*** Opening of Stored data ***

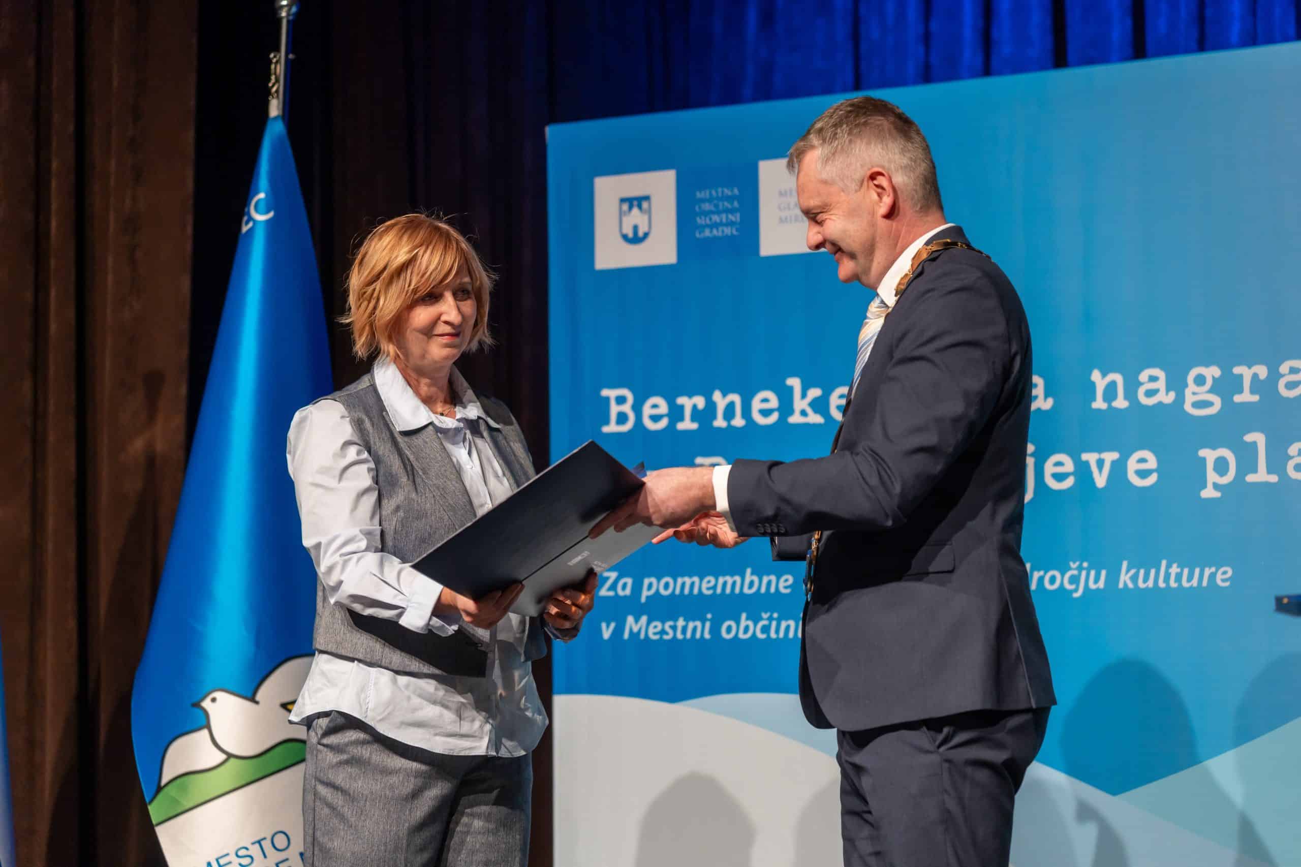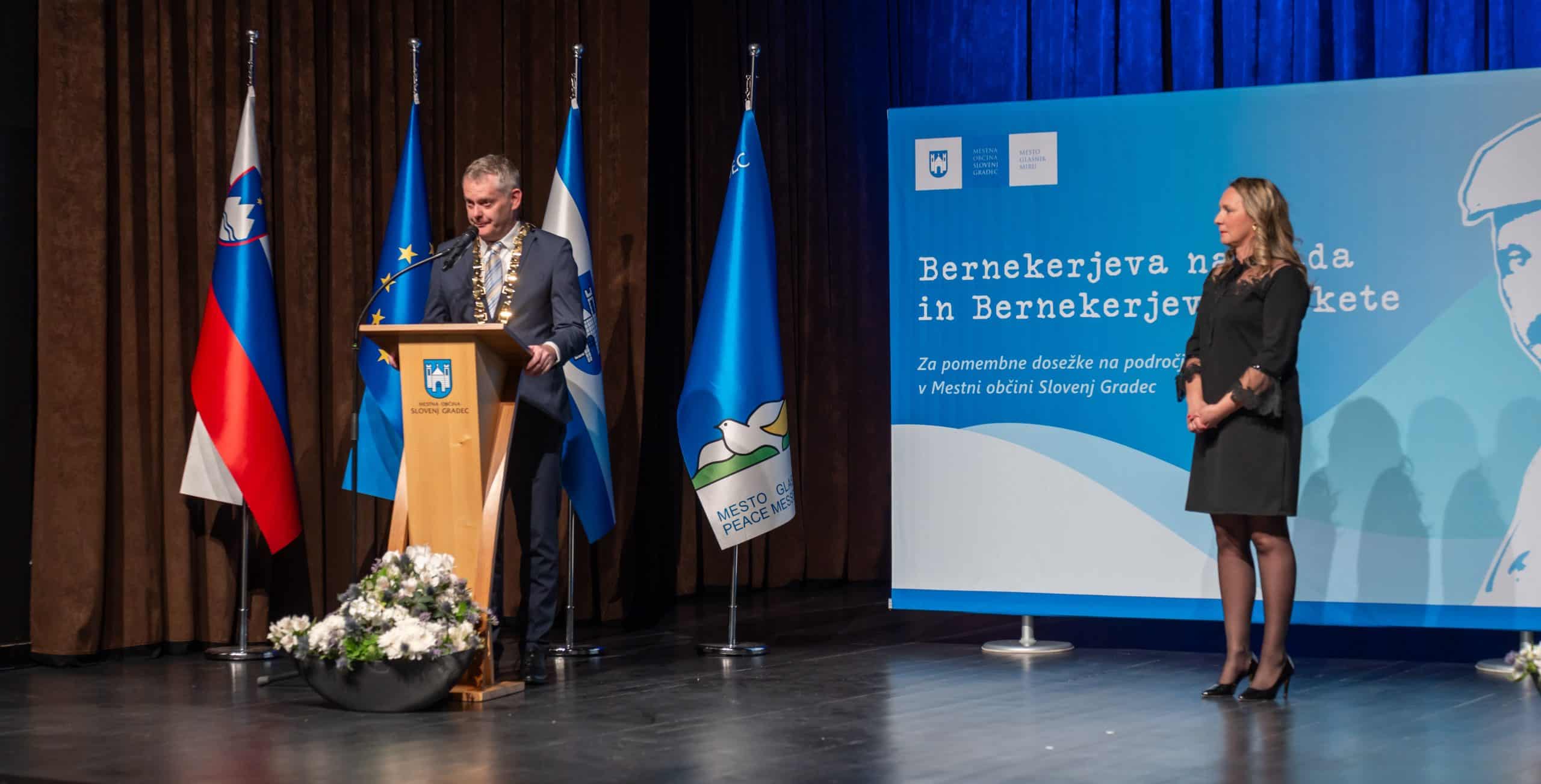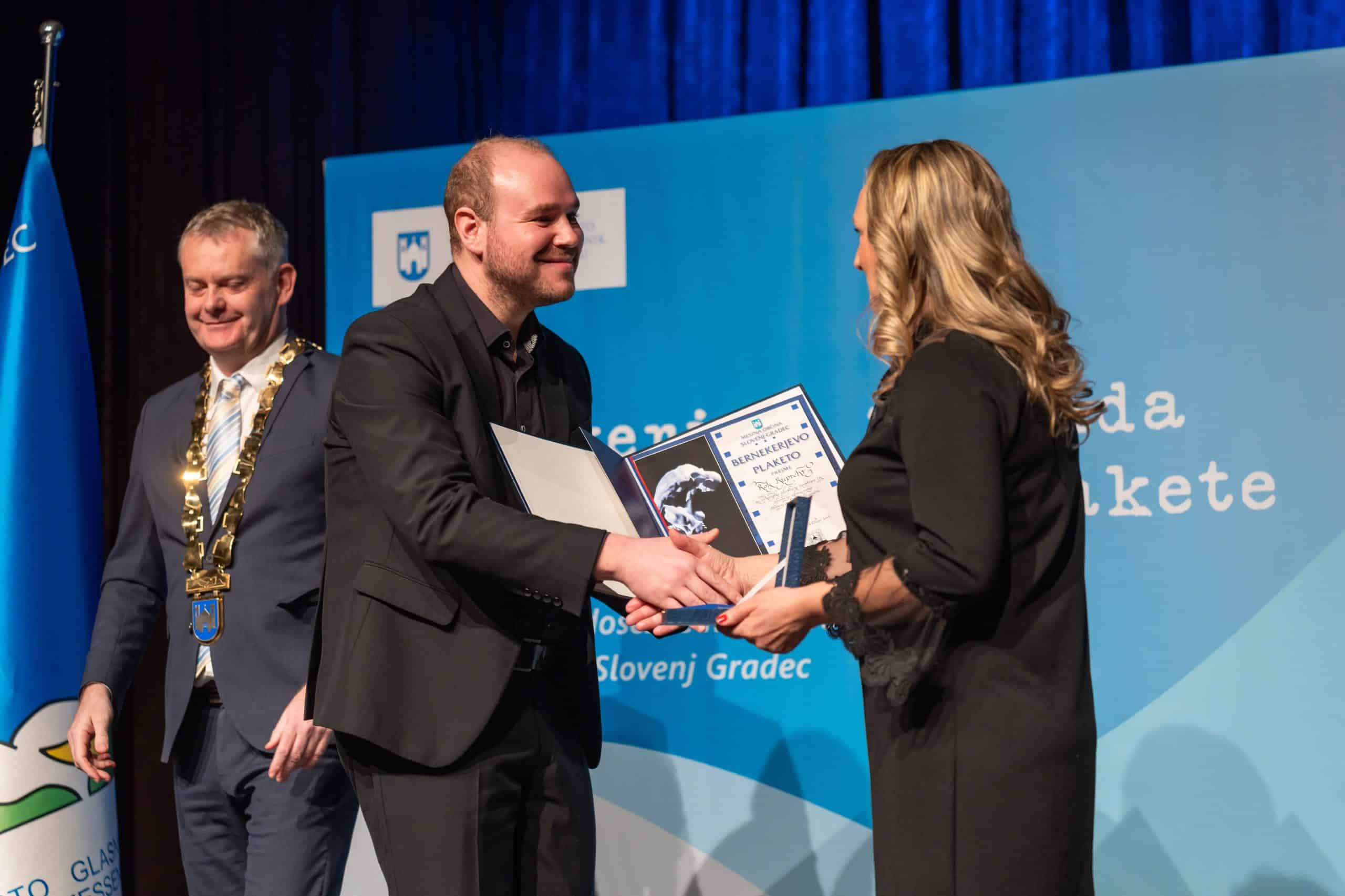 Sledila je podelitev Bernekerjevih plaket in nagrade. Podelila sta jih župan Mestne občine Slovenj Gradec Tilen Klugler in predsednica komisije za izbor nageajencev Marjeta Vaupot.
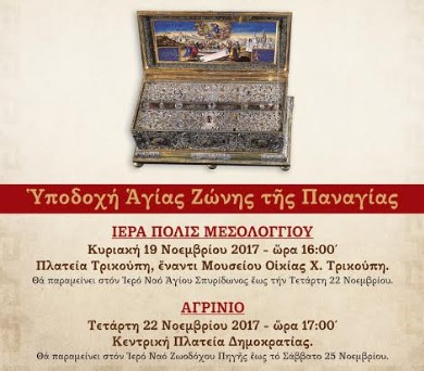 Η Ιερά Μητρόπολις Αιτωλίας και Ακαρνανίας, όπως έχει ήδη ανακοινωθεί, θα έχει την ιδιαιτέρα τιμή και ευλογία να υποδεχθεί, στην Ιερά Πόλη του Μεσολογγίου και στην πόλη του Αγρινίου, την πάνσεπτη και χαριτόβρυτη Τιμία Ζώνη της Υπεραγίας Θεοτόκου, από την Ιερά Μεγίστη Μονή Βατοπαιδίου του Αγίου Όρους, από 19 έως 25 Νοεμβρίου.
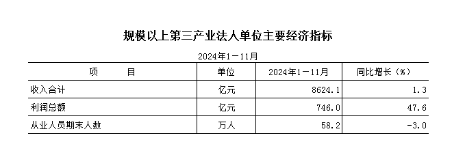 【月度数据】2024年1—11月规模以上第三产业法人单位主要经济指标

*** Close of Stored data ***

◆ **Instructions to follow**
Copy the entire listing exactly but skip the pictures.

◆ **Output**
 Sledila je podelitev Bernekerjevih plaket in nagrade. Podelila sta jih župan Mestne občine Slovenj Gradec Tilen Klugler in predsednica komisije za izbor nageajencev Marjeta Vaupot.
 Η Ιερά Μητρόπολις Αιτωλίας και Ακαρνανίας, όπως έχει ήδη ανακοινωθεί, θα έχει την ιδιαιτέρα τιμή και ευλογία να υποδεχθεί, στην Ιερά Πόλη του Μεσολογγίου και στην πόλη του Αγρινίου, την πάνσεπτη και χαριτόβρυτη Τιμία Ζώνη της Υπεραγίας Θεοτόκου, από την Ιερά Μεγίστη Μονή Βατοπαιδίου του Αγίου Όρους, από 19 έως 25 Νοεμβρίου.
 【月度数据】2024年1—11月规模以上第三产业法人单位主要经济指标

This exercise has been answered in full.